→ Work to be completed
Repeat the listing below verbatim, without its images.

→ Data provided
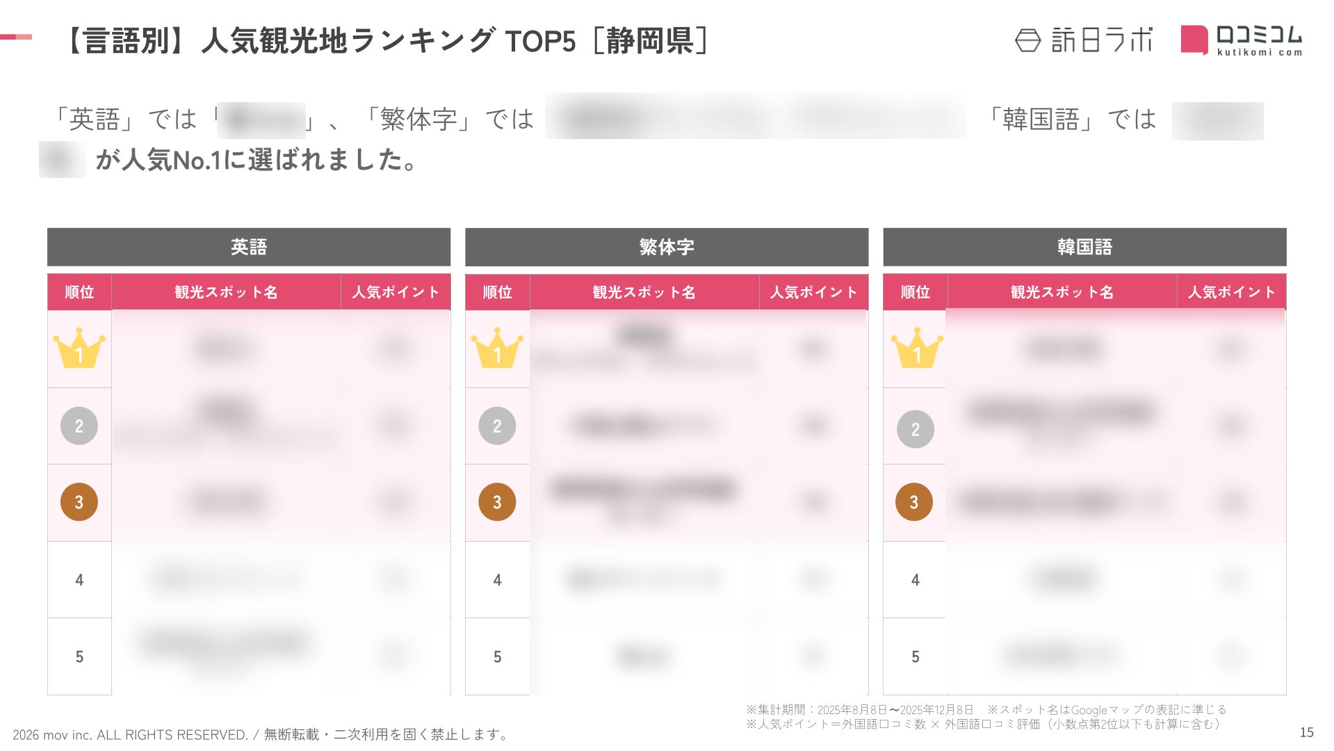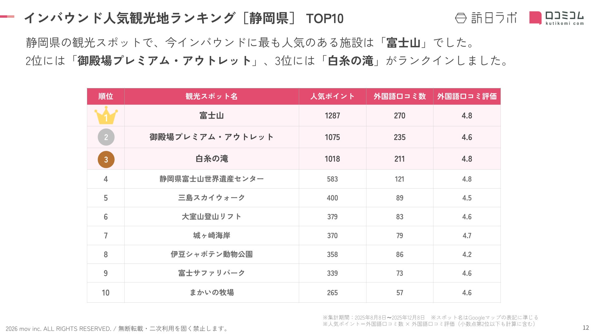 業界最大級のインバウンドビジネスメディア「訪日ラボ」及び 店舗向け集客一元化プラットフォーム「口コミコム」を運営する株式会社mov(代表取締役:渡邊 誠、本社:東京都渋谷区、以下mov)は、静岡県の観光地に寄せられた最新の口コミデータから、独自の『インバウンド人気観光地ランキング』を発表しました。
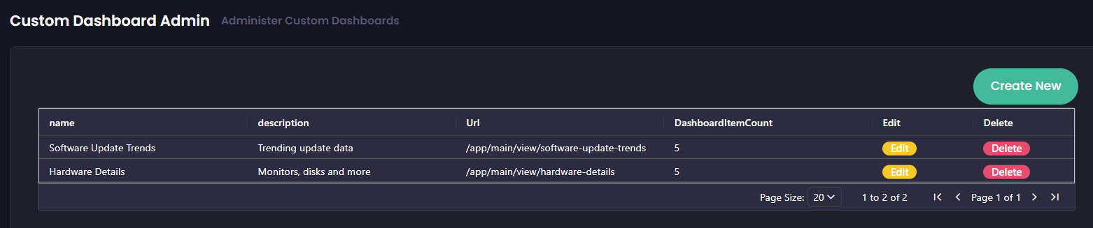 To modify an existing custom dashboard, we navigate to the ‘Custom Dashboards’ node in the ‘Administration’ section and click the ‘Edit’ option.
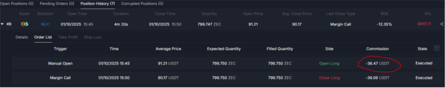 This sometimes confuses traders because other exchanges don’t show it in PnL. Instead, they quietly subtract the fee from your account balance without tying it to the position. That can make their PnL look “better,” but it isn’t more accurate.
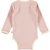 Faros ist ein rosa langärmeliger Baby-Body in Ripp mit weißen Kantenbändern. Druckknöpfe zwischen den Beinen, macht das an- und ausziehen einfach.

→ Answer below
 業界最大級のインバウンドビジネスメディア「訪日ラボ」及び 店舗向け集客一元化プラットフォーム「口コミコム」を運営する株式会社mov(代表取締役:渡邊 誠、本社:東京都渋谷区、以下mov)は、静岡県の観光地に寄せられた最新の口コミデータから、独自の『インバウンド人気観光地ランキング』を発表しました。
 To modify an existing custom dashboard, we navigate to the ‘Custom Dashboards’ node in the ‘Administration’ section and click the ‘Edit’ option.
 This sometimes confuses traders because other exchanges don’t show it in PnL. Instead, they quietly subtract the fee from your account balance without tying it to the position. That can make their PnL look “better,” but it isn’t more accurate.
 Faros ist ein rosa langärmeliger Baby-Body in Ripp mit weißen Kantenbändern. Druckknöpfe zwischen den Beinen, macht das an- und ausziehen einfach.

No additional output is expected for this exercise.